Data below:

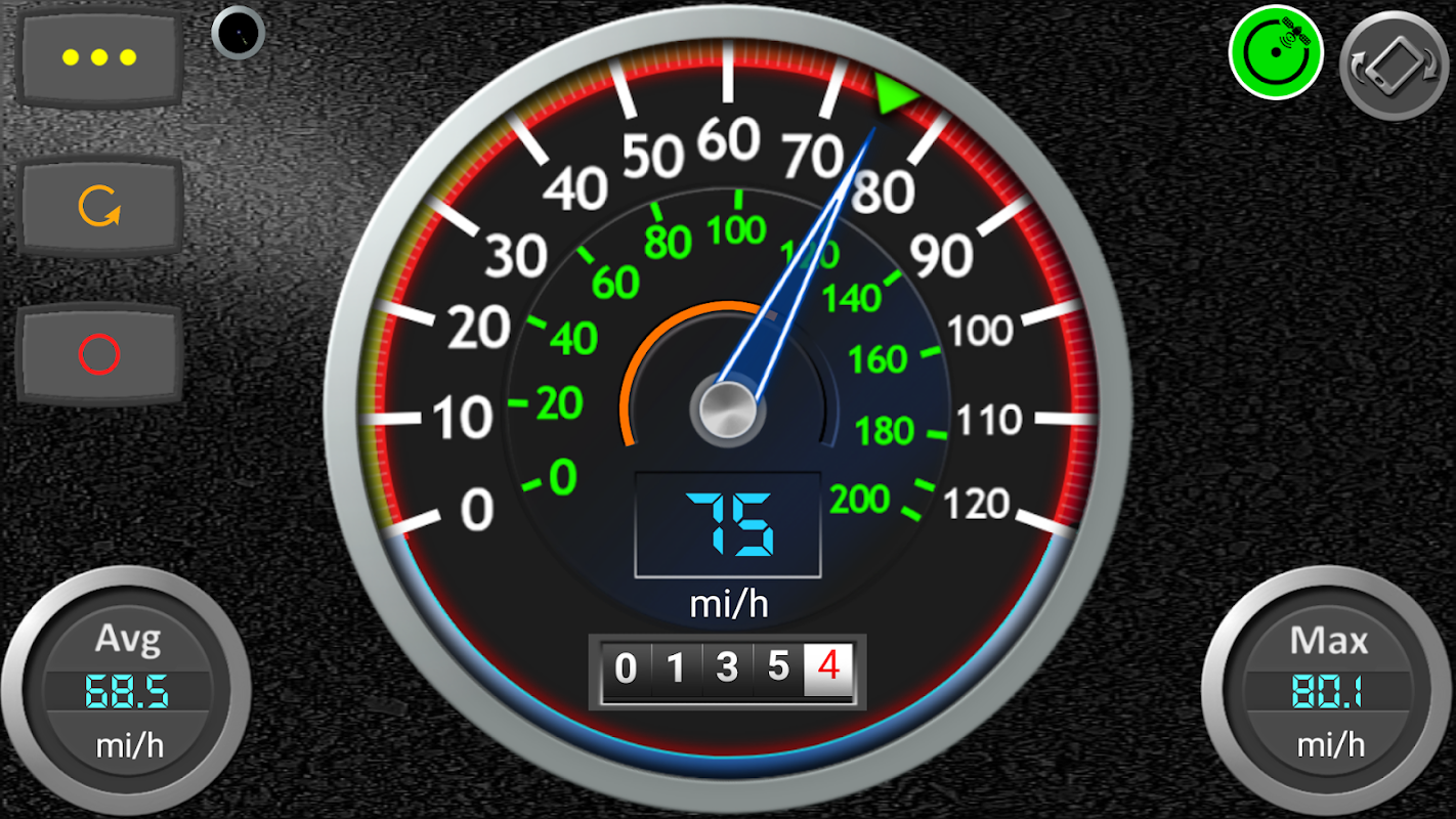 অ্যাপটি একটি সঠিক উচ্চ কার্যক্ষমতাসম্পন্ন স্পিডোমিটার এবং ডিজিটাল এবং এনালগ-স্টাইলের নিয়ন্ত্রণ সহ একটি ড্রাম ওডোমিটার যা একটি পুরানো গাড়ির মতোই নম্বরগুলিকে রোল করে।
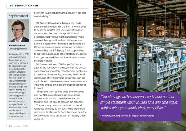 BT Supply Chain has subsequently made giant strides through “ BT Collect ”, a term it uses to describe initiates that use its own transport network to collect and transport inbound products , vastly reducing the amount of miles covered throughout the distribution process . Sterlite , a supplier of fibre cable products to BT Group , is one example of where we have been able to utilise the BT Supply Chain capabilities to provide logistics and other related services so that together we deliver additional value across the supply chain .
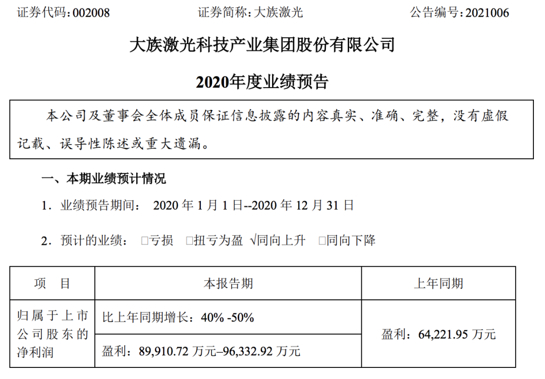 日前,大族激光發布公告,預計2020年歸屬于上市公司股東的凈利潤8.99–9.63億元,比上年同期增長40%-50%。
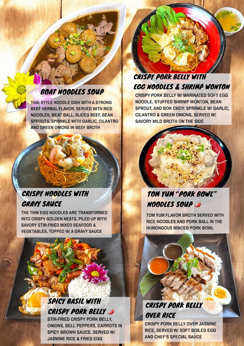 Crispy Pork Belly with marinated soft egg noodle, stuffed shrimp wonton, bean sprout, and bok choy. Sprinkle with garlic, cilantro and green onions. Served with savory mild broth on the side.

End of Data.

What you have to do: Once the pictures are removed, output the remaining material exactly.

Response to the task:
 অ্যাপটি একটি সঠিক উচ্চ কার্যক্ষমতাসম্পন্ন স্পিডোমিটার এবং ডিজিটাল এবং এনালগ-স্টাইলের নিয়ন্ত্রণ সহ একটি ড্রাম ওডোমিটার যা একটি পুরানো গাড়ির মতোই নম্বরগুলিকে রোল করে।
 BT Supply Chain has subsequently made giant strides through “ BT Collect ”, a term it uses to describe initiates that use its own transport network to collect and transport inbound products , vastly reducing the amount of miles covered throughout the distribution process . Sterlite , a supplier of fibre cable products to BT Group , is one example of where we have been able to utilise the BT Supply Chain capabilities to provide logistics and other related services so that together we deliver additional value across the supply chain .
 日前,大族激光發布公告,預計2020年歸屬于上市公司股東的凈利潤8.99–9.63億元,比上年同期增長40%-50%。
 Crispy Pork Belly with marinated soft egg noodle, stuffed shrimp wonton, bean sprout, and bok choy. Sprinkle with garlic, cilantro and green onions. Served with savory mild broth on the side.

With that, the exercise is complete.